**Data under study**
- - -

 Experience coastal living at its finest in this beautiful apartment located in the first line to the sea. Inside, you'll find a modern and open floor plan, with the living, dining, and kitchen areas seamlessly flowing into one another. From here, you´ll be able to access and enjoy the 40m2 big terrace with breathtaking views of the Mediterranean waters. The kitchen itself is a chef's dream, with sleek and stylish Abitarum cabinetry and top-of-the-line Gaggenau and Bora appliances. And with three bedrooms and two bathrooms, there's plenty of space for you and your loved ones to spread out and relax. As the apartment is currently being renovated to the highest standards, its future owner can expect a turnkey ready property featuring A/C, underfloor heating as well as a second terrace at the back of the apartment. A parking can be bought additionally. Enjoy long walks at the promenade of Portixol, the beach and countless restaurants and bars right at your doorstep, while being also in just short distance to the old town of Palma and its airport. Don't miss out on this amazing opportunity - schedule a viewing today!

- - -

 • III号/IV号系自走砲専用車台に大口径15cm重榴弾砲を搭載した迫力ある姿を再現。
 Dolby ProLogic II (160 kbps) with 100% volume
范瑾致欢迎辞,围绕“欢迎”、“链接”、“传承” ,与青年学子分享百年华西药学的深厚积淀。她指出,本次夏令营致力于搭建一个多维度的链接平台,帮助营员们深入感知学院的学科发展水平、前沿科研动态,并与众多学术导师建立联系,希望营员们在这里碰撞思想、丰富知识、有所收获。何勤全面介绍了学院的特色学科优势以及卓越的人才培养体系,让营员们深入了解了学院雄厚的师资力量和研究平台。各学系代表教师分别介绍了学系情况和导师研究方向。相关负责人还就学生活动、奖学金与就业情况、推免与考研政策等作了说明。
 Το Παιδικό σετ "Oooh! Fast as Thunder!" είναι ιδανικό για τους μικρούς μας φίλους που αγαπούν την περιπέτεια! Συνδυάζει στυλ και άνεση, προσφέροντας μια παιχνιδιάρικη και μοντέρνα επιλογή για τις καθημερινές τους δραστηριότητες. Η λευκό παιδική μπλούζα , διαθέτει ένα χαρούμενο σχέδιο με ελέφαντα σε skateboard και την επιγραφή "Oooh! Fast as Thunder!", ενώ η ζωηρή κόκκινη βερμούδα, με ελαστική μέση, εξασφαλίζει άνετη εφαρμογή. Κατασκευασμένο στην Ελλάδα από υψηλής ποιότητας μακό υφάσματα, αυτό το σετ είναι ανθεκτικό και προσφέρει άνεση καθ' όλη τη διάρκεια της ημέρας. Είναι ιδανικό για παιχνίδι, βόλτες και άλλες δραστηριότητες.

- - -

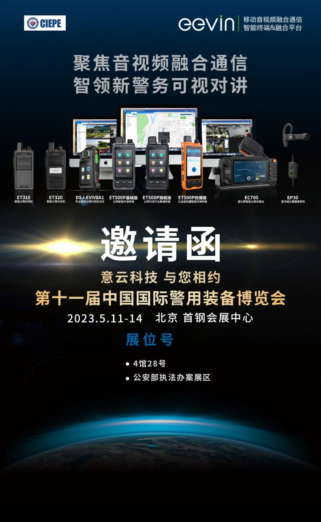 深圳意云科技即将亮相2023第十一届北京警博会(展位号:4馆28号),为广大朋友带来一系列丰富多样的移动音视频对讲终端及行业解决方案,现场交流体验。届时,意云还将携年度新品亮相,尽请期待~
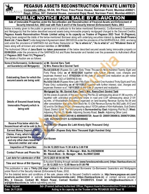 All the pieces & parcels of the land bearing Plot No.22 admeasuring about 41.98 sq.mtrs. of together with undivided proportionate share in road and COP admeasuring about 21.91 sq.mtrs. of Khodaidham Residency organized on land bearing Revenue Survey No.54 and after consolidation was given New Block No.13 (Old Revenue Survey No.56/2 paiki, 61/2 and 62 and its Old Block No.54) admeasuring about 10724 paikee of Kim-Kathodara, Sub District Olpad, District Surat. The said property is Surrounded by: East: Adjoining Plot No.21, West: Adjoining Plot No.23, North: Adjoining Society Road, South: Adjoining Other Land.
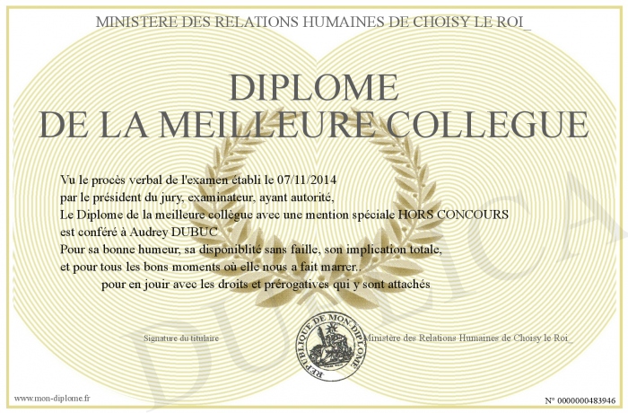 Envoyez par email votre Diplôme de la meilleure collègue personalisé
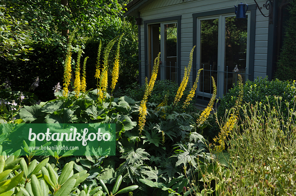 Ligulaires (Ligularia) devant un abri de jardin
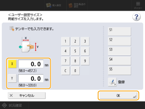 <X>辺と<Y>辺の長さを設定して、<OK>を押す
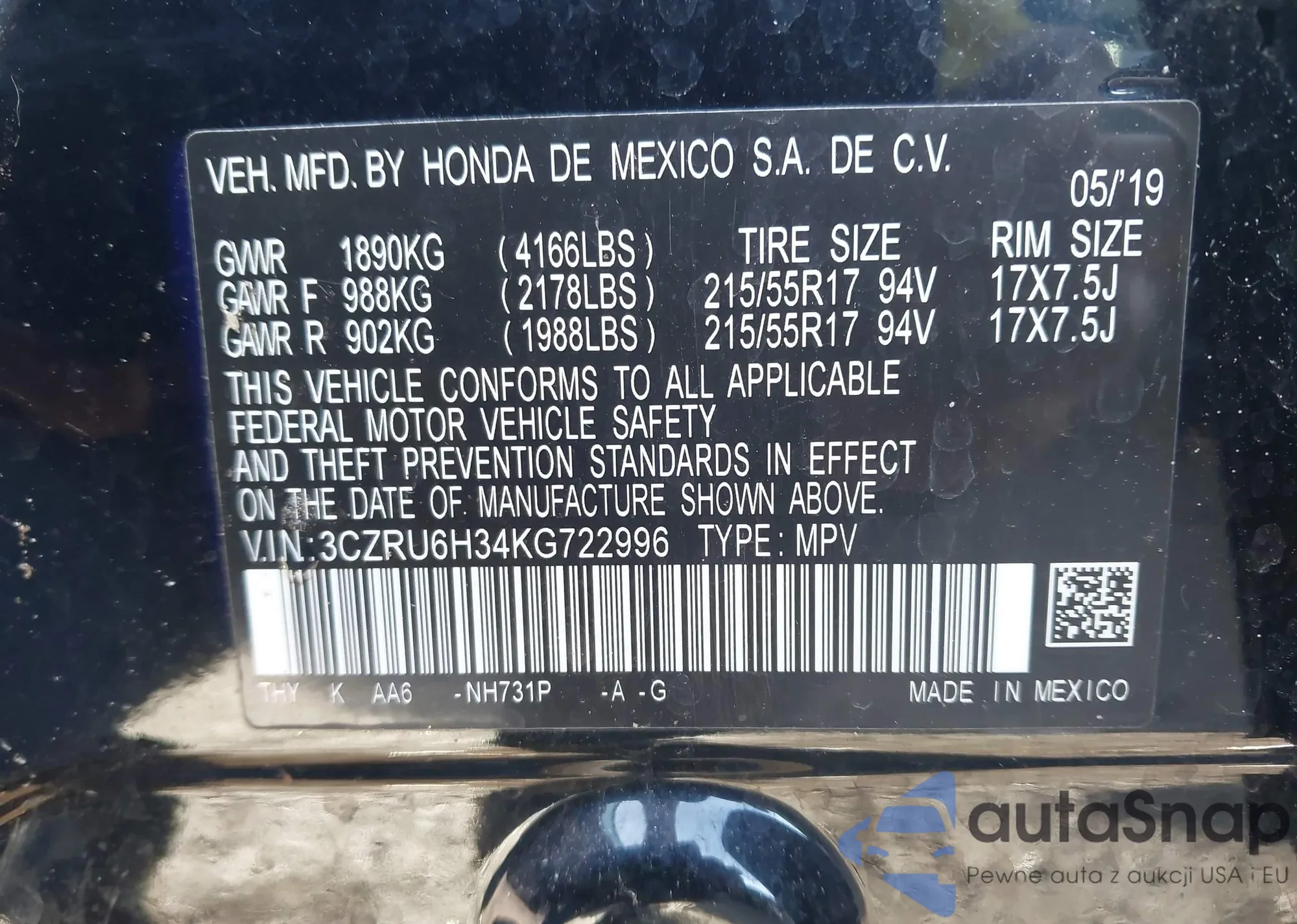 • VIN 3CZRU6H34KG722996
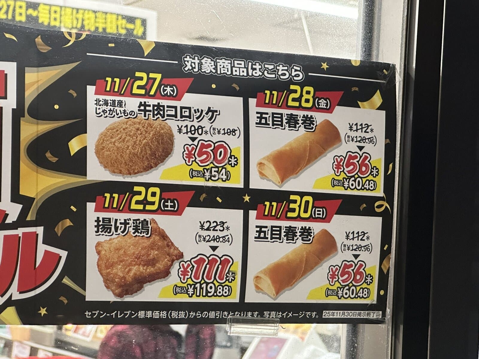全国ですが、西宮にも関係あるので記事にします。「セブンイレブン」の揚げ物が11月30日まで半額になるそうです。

- - -

**Problem details**
From the material above, reproduce only what runs from the line holding "<X>辺と<Y>辺の長さを設定して、<OK>を押す" down to the line holding "全国ですが、西宮にも関係ある", both included, pictures excluded.

**Answer below**
 <X>辺と<Y>辺の長さを設定して、<OK>を押す
 • VIN 3CZRU6H34KG722996
全国ですが、西宮にも関係あるので記事にします。「セブンイレブン」の揚げ物が11月30日まで半額になるそうです。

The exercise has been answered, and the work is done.